Bei Ihrer Frau wurde 2007 ein Gehirntumor diagnostiziert und 2020 entfernt. Wie geht es ihr heute?
Die Krankheit wird sie immer begleiten, sie wird nie zu 100 Prozent gesund sein. Es gehört zu unserem Leben, dass MRT-Termine regelmäßig wieder näher rücken und wir dann angespannter sind. Aber man stellt sich darauf ein. Der Titel meines Albums spielt aber auch auf das Gefühl an, was wir gerade haben. Noch vor einem Jahr wäre es gesundheitlich nicht möglich gewesen, den ganzen Tag draußen zu sein, ins Café und spazieren zu gehen. Wir wussten nicht, ob das jemals zurückkommt. Gesundheit und die Fähigkeit, wieder normal am Alltag teilnehmen zu können, ist für uns Freiheit.
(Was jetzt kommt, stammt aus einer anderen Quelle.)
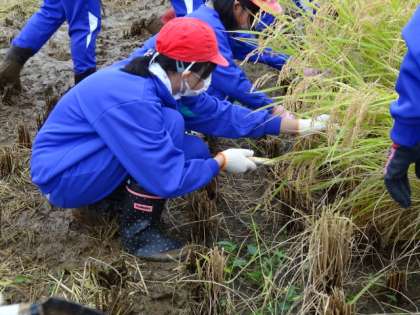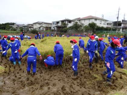 今日は、5年生が稲刈りを行いました。春に田植えをした稲もすっかり実り、収穫の時期を迎えました。地域の海野農園の方々、保護者のボランティアの方々のご協力をいたただき、5年生のみんなで稲を刈りました。昨年までの2年間、コロナの影響で思うように田植えや稲刈りが、子供たちの手でできませんでした。しかし、今年は3年ぶりに子供たちの手で、田植えと稲刈りの両方を行うことができました。きっと、おいしいお米が収穫できたことでしょう。

Das Schlimmste, was einem als Künstler passieren kann, ist übrigens, nach Michael Holm auf die Bühne zu müssen.

Oli P.

Profitieren Sie vom 90er-Jahre-Revival?
Da kann ich ganz selbstbewusst sagen: Ich glaube, dass das 90er-Jahre-Revival auch von mir profitiert (lacht). Wenn man als Veranstaltender so ein Festival macht, kommt es immer ganz gut an, wenn man mich dafür bucht, denn ich gebe immer 100 Prozent. Ich spiele bis zu 200 Konzerte im Jahr. Es ist doch Wahnsinn, dass auch nach fast 30 Jahren immer wieder neue, junge Fans vor der Bühne stehen. Heute dann oft zusammen mit ihren Eltern. Ich bin sehr glücklich, dass ich immer noch so arbeiten darf und dass es sich so anfühlt, als sei noch lange kein Ende in Sicht.
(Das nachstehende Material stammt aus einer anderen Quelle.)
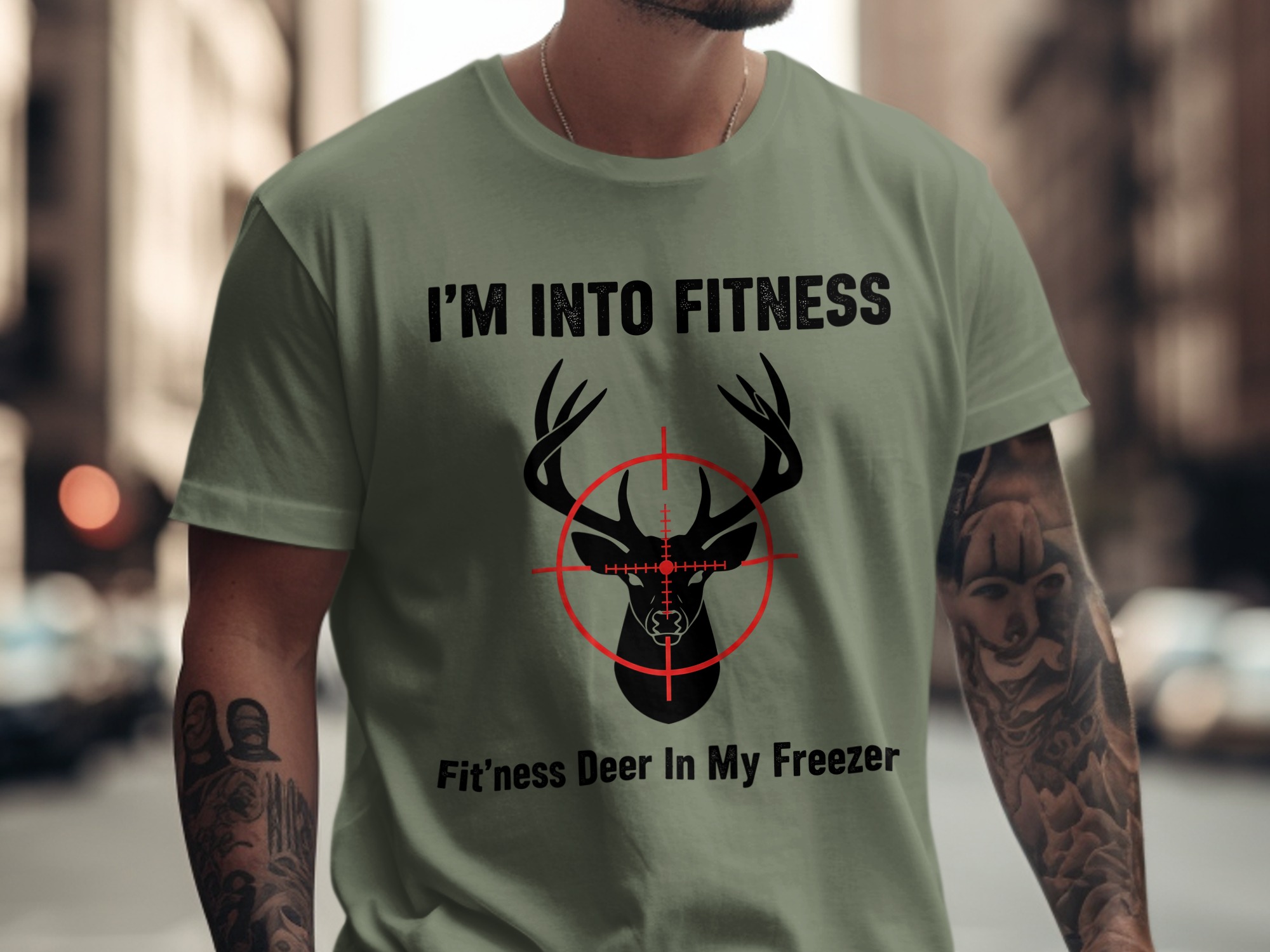 This digital design is the ultimate Humorous Deer Hunter PNG for anyone who prefers stocking the freezer over hitting the gym.

Reminiszenzen gibt es auf dem Album auch an Echt und Michael Holm. Ist es wichtig, sie zu erkennen, damit man beim Hören richtig mitfühlen kann?
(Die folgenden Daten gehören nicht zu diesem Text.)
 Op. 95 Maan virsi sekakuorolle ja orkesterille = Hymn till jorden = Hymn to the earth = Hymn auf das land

Gerade bei „Echt“ ist es ja wirklich sehr versteckt und sonst ein komplett neuer Song. Die, die es kennen, freuen sich darüber, für die anderen ist es einfach eine schöne Melodie. Und „Tränen lügen nicht“ ist im Original übrigens auch nicht von Michael Holm, das ist eine italienische Melodie aus den 1960er-Jahren. Michael Holm feiert in diesem Jahr seinen 80. Geburtstag, deshalb kam meine Frau auf die Idee. Als ganz dicker Geburtstagsschmatzer. Das Schlimmste, was einem als Künstler passieren kann, ist übrigens, nach ihm auf die Bühne zu müssen. Der zerlegt alles, der geht ab, der hat ein Funkeln in den Augen wie ein 20-Jähriger. Das finde ich viel inspirierender, als wenn jemand sagt: Ich hoffe, ich bin mit 50 durch und kann dann Golf spielen. Das wird bei mir hoffentlich auch so.